- The paper presents a comprehensive TSER archive that benchmarks extrinsic regression challenges using 19 diverse datasets.
- It evaluates multiple algorithms, with ROCKET achieving the best average performance based on RMSE.
- The archive spans various real-world domains, offering a framework to catalyze advanced research in TSER.
Monash University, UEA, UCR Time Series Extrinsic Regression Archive
This paper presents the Monash University, UEA, UCR Time Series Extrinsic Regression Archive, aiming to enhance time series extrinsic regression (TSER) research by introducing a comprehensive benchmarking archive. This initiative addresses a notable gap in time series research, particularly with respect to extrinsic regression challenges that have previously been overshadowed by the focus on time series classification (TSC) and time series forecasting (TSF).
Introduction and Motivation
The authors highlight that the advancement of machine learning disciplines largely depends on robust benchmarking datasets. The repository at the University of California Irvine, alongside time series archives from UCR and UEA, significantly contributed to the TSC and TSF communities. However, no analogous resources existed for TSER—a challenging paradigm where the interest lies in predicting a single continuous value that may not be a direct continuation of the time series.
TSER differs from both TSC and TSF. While TSC is concerned with predicting discrete labels, and TSF with forecasting future time series values, TSER targets broader regression problems where a continuous value, potentially independent of the immediate past data or future estimations, is predicted.
TSER Dataset Archive
This paper introduces the first TSER benchmark archive comprising 19 datasets across diverse domains: energy monitoring, environment monitoring, health monitoring, sentiment analysis, and forecasting. Each dataset is crafted to offer unique attributes. For instance, they include multivariate, unequally-timed, missing entries, and varying dimensionalities. Notably, these datasets provide practical representations of real-world TSER scenarios, such as predicting daily appliances' energy usage using hourly sensor data.

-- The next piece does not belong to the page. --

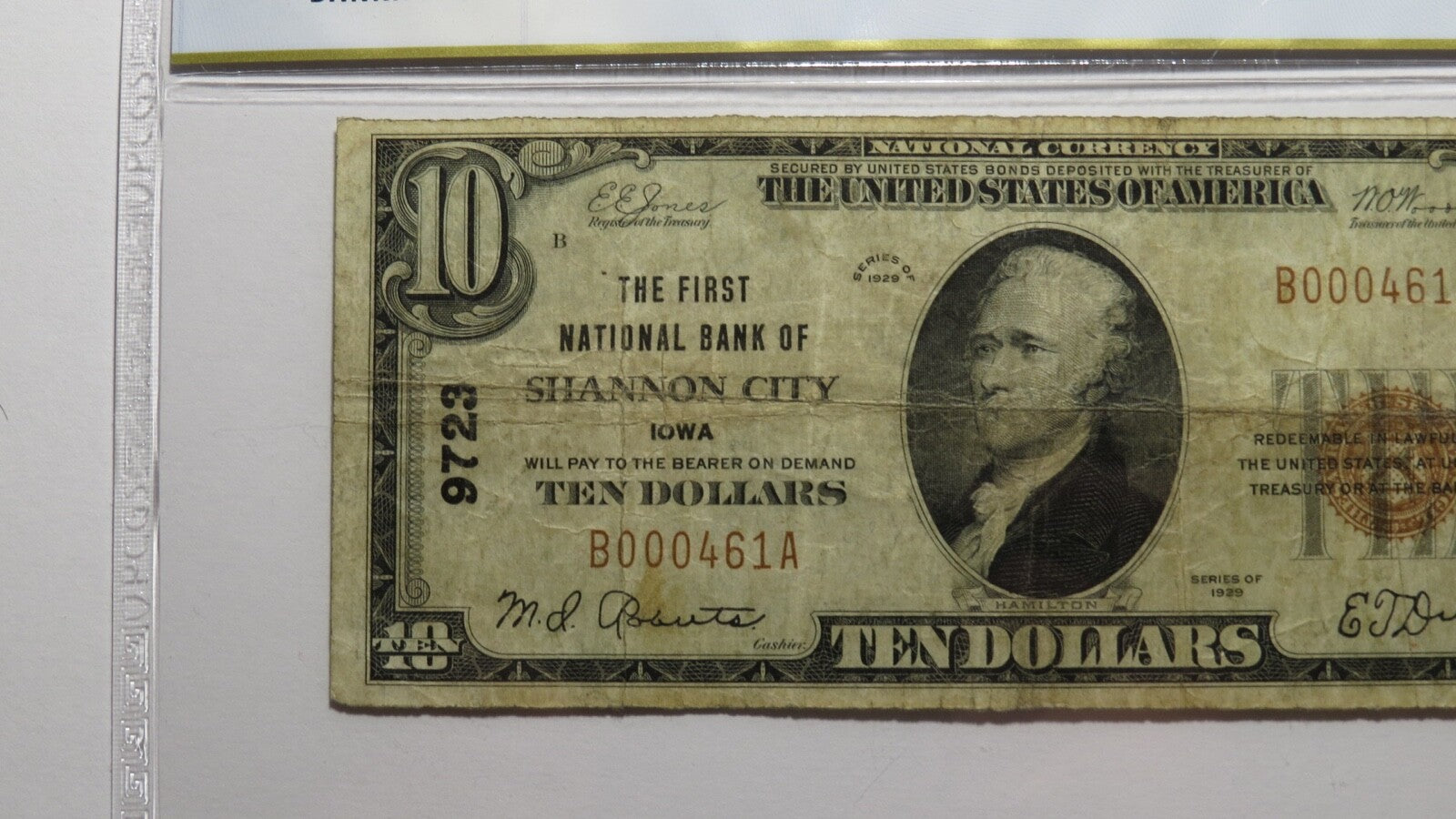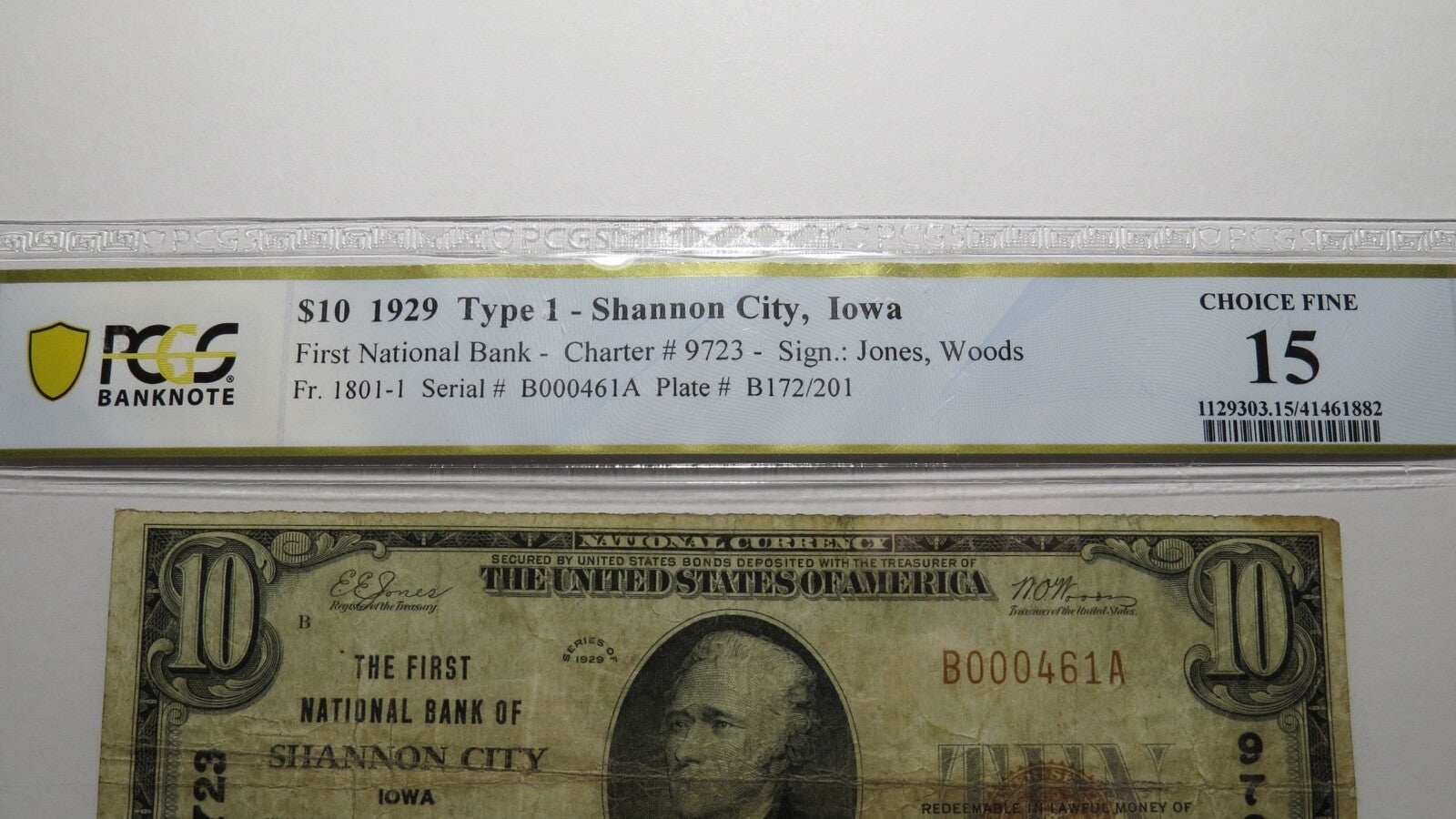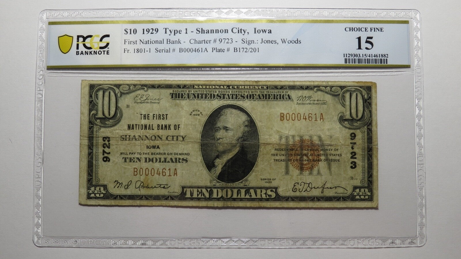 Up for auction is a $10 1929 Shannon City Iowa Type 1 National Currency Note. It is issued from The First National Bank of Shannon City. It is Charter #9723. This is a ONE BANK TOWN! This note is graded Choice Fine 15 by PCGS. There is nothing wrong with this note! This bill is a must have for any collector of National Currency!

The datasets are derived from reputable sources, including the UCI machine learning repository, contributing entities such as the World Health Organization, and bespoke calibrations like synthetic flood models from Monash University researchers.
Baseline Evaluation and Results
The paper sets a baseline for TSER by evaluating a variety of algorithms, including:
- Functional principal component regression (FPCR) with/without B-spline.
- Support vector regression (SVR).
- Ensemble methods like random forests (RF) and XGBoost.
- Neural network-based time series classifiers such as FCN, ResNet, and Inception Network, alongside ROCKET—a highly efficient random convolutional kernel-based classifier.
These methods were benchmarked using root mean squared error (RMSE), facilitated by standard implementations in Python libraries (e.g., Scikit-Learn). The efficacy evaluation showed ROCKET achieving the best average ranking among the algorithms, demonstrating its superior utility in handling TSER tasks. However, the outcome also highlighted that traditional machine learning approaches remain competitive, suggesting that the development of dedicated TSER methods is necessary to enhance performance further.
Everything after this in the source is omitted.